▶ [Task to carry out]:
Repeat, exactly and with no pictures, the lines that run from the beginning of the entries through the line containing "(1)二级市场为自由交易市场".

━━━ Record set ━━━

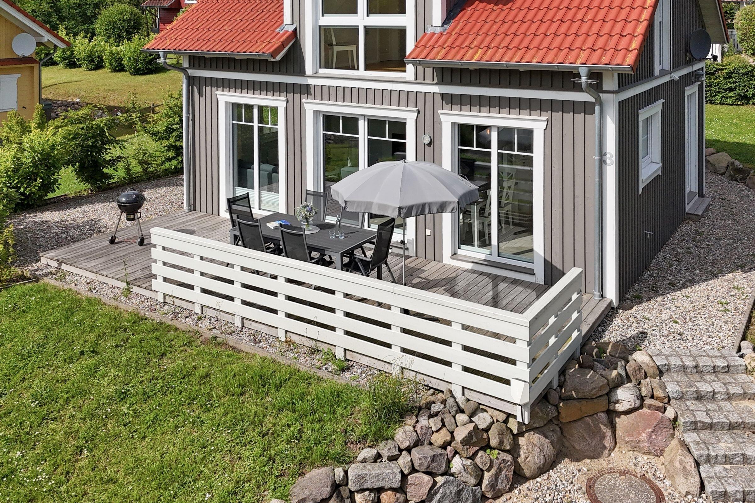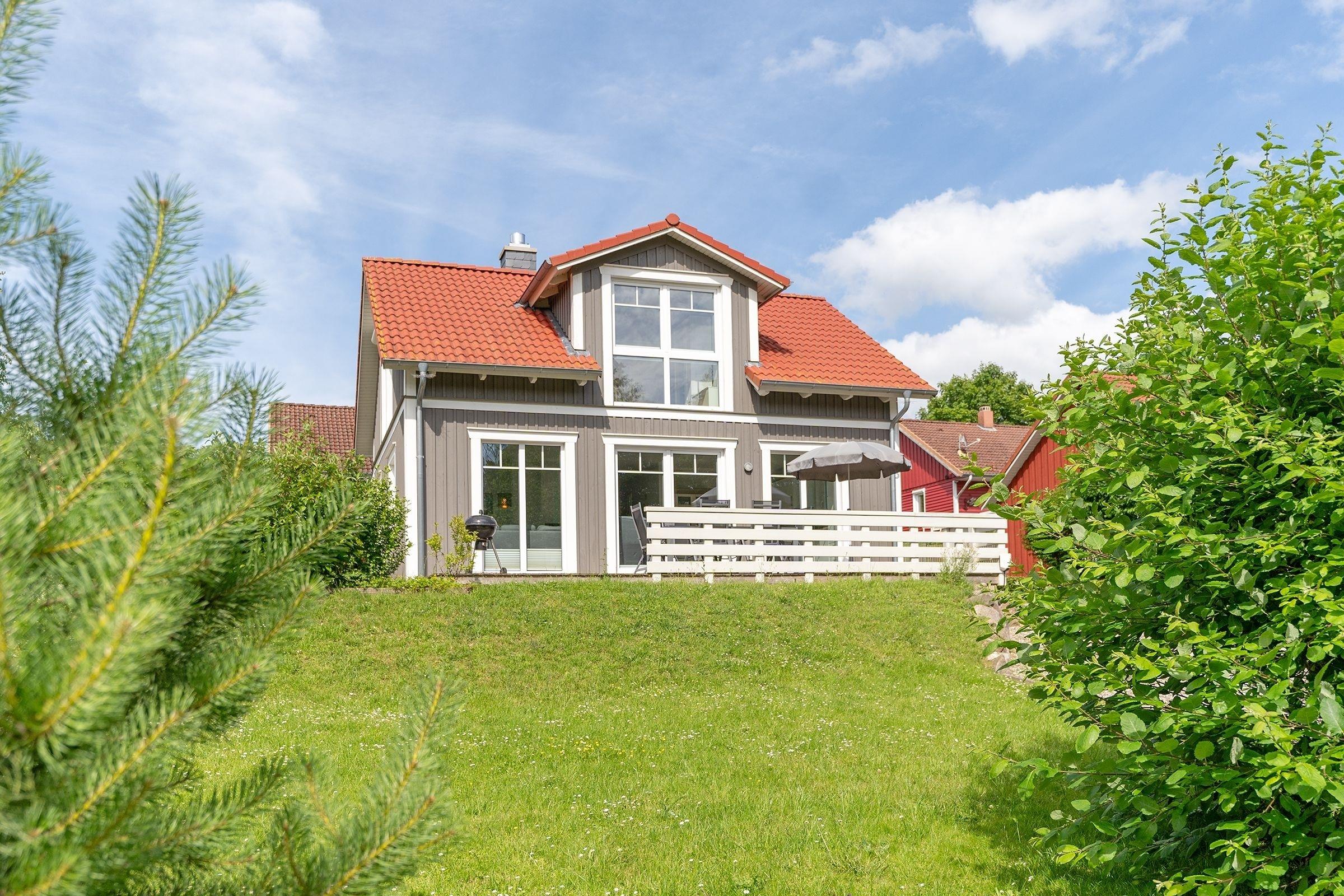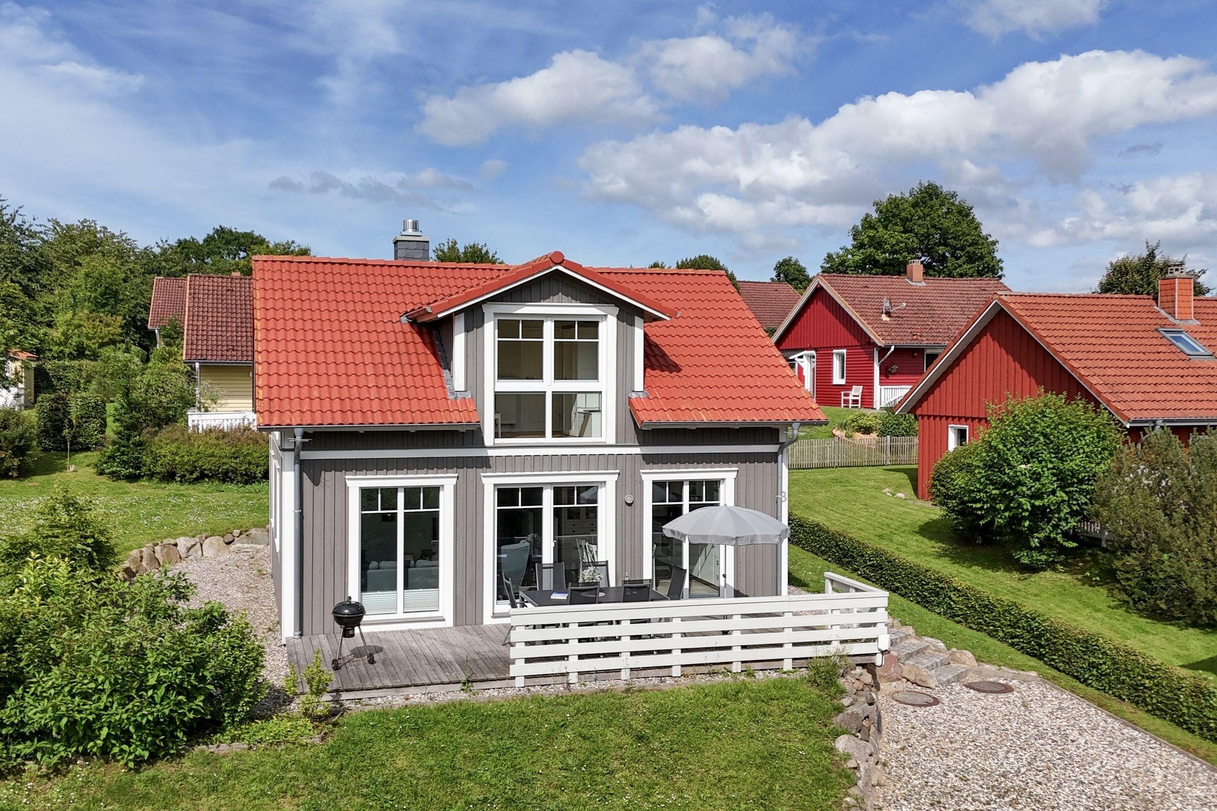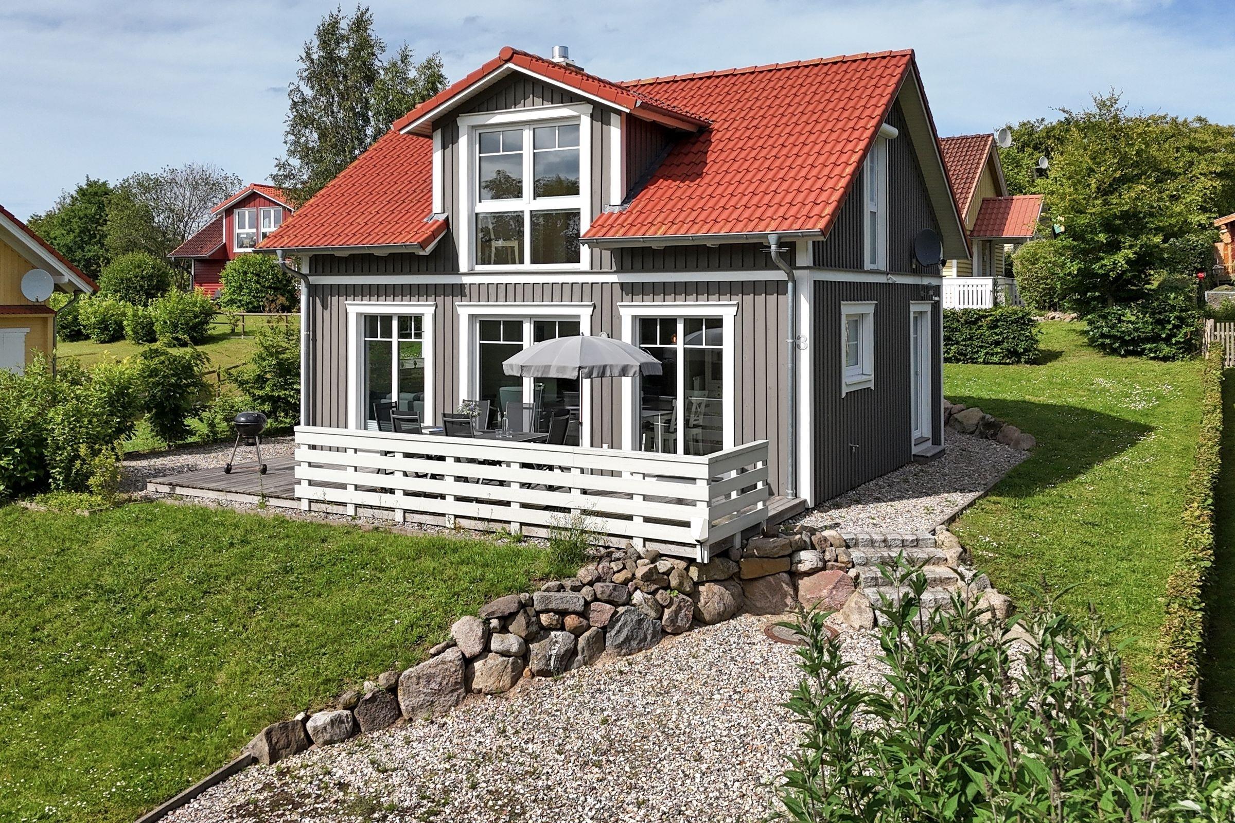 Idylle pur: schickes Schwedenhaus in Mönchneversdorf mit 3 Schlafzimmern, 2 Bädern, Sauna, großer Terrasse, Garten und einer Wohnfläche von ca. 68 m² für bis zu 6 Personen.
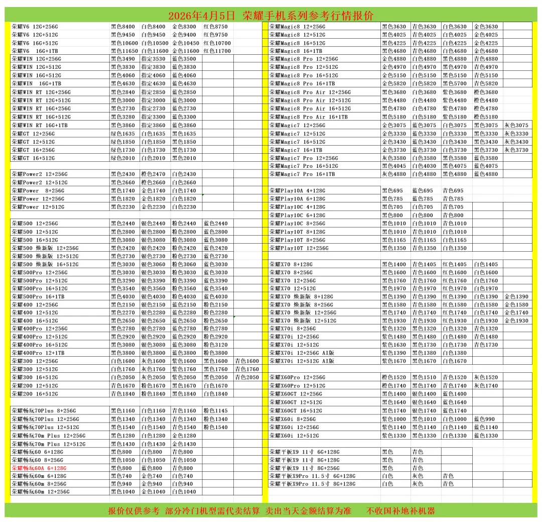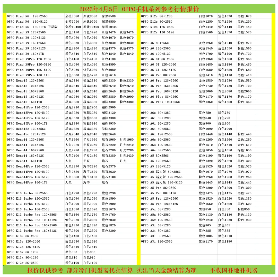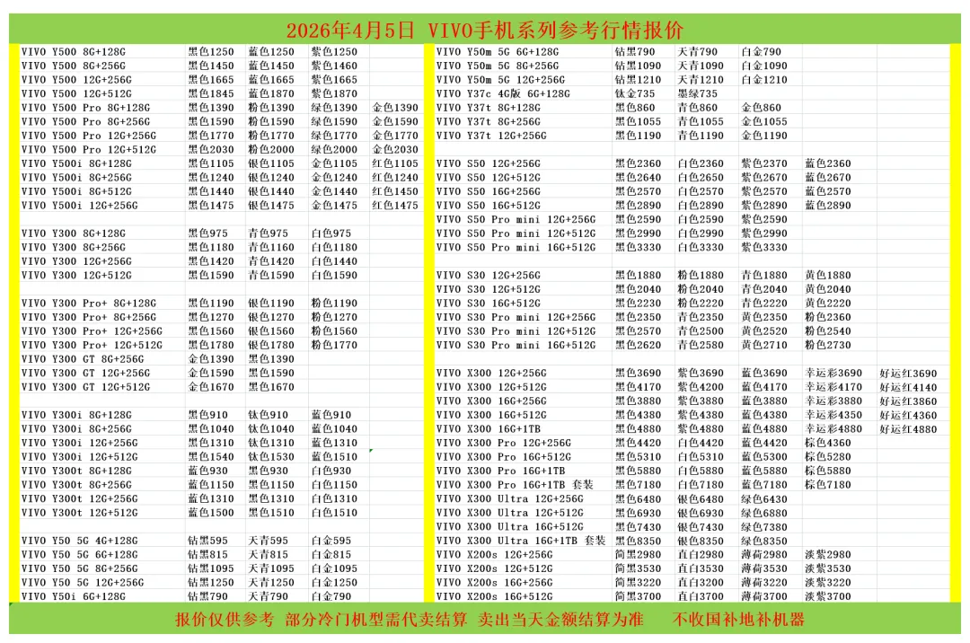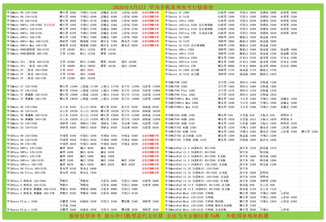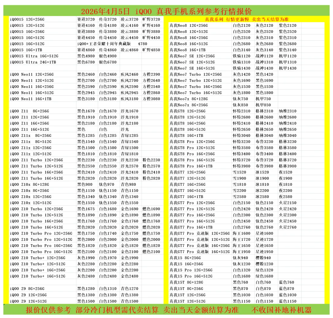 (1)二级市场为自由交易市场,价格实时波动,可能每个小时的卖价都不一样,此报价为华强北市场收货参考行情,实际结算价见公众号:鸟哥撸货数码结算价。
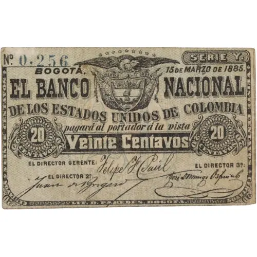 | Légende de l’avers | SERIE Y BOGOTÁ, 15 DE MARZO DE 1885. EL BANCO NACIONAL DE LOS ESTADOS UNIDOS DE COLOMBIA pagará al portador á la vista 20 VEINTE CENTAVOS 20 EL DIRECTOR GERENTE EL DIRECTOR 2º EL DIRECTOR 3º LIT. D. PAREDES, BOGOTÁ (Translation: Series Y Bogota, March 15th., 1885. The National Bank of The United States of Colombia Pay to Bearer at sight Twenty Cents The General Director 2nd. Director 3rd. Director Lithography D. Paredes, Bogota) |
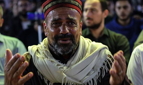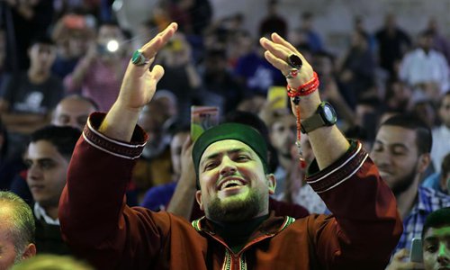 Palestinian Muslims sing during a ceremony to celebrate the Islamic Prophet Muhammad's birthday in Gaza City, on Nov. 9, 2019. (Photo by Yasser Qudih/Xinhua)
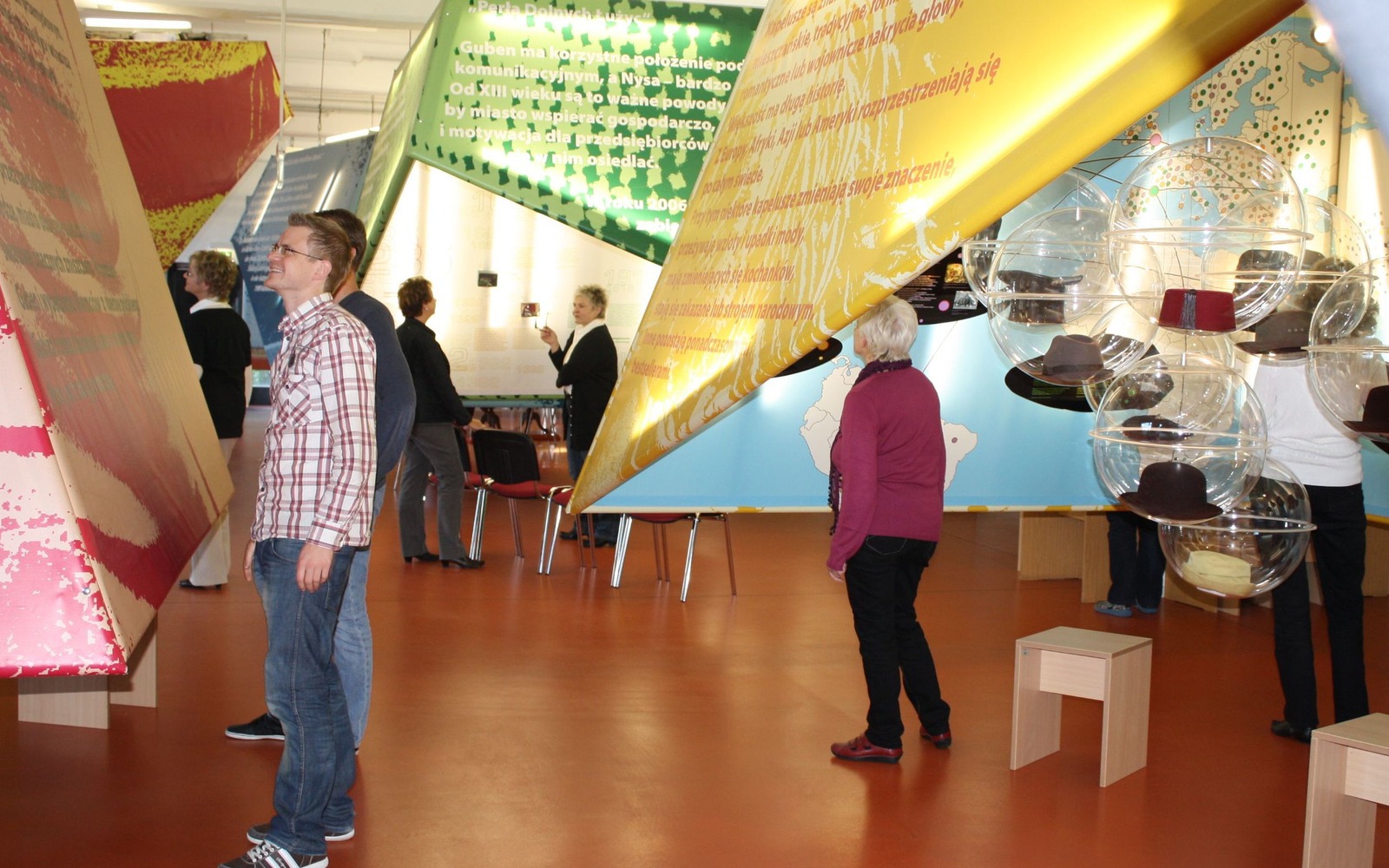 Unter 14 von der Decke hängenden Themen-Hauben ist auf rund 450 Quadratmeter die facettenreiche Gubener Stadt- und Industriegeschichte in deutscher und polnischer Sprache zu erleben. Historisches Wissen zur Stadtgeschichte und zur traditionellen Hutherstellung sind auf unterschiedlichste Weise zu erfahren: durch Geschichten zum Hören und Staunen, Interessantes zum Lesen und Schauen, Geschichte zum Anfassen und Hüte zum Aufsetzen in der „Virtuellen und Echten-Hutprobierstation“.

━━━

▶ [Task answer]:
 Idylle pur: schickes Schwedenhaus in Mönchneversdorf mit 3 Schlafzimmern, 2 Bädern, Sauna, großer Terrasse, Garten und einer Wohnfläche von ca. 68 m² für bis zu 6 Personen.
 (1)二级市场为自由交易市场,价格实时波动,可能每个小时的卖价都不一样,此报价为华强北市场收货参考行情,实际结算价见公众号:鸟哥撸货数码结算价。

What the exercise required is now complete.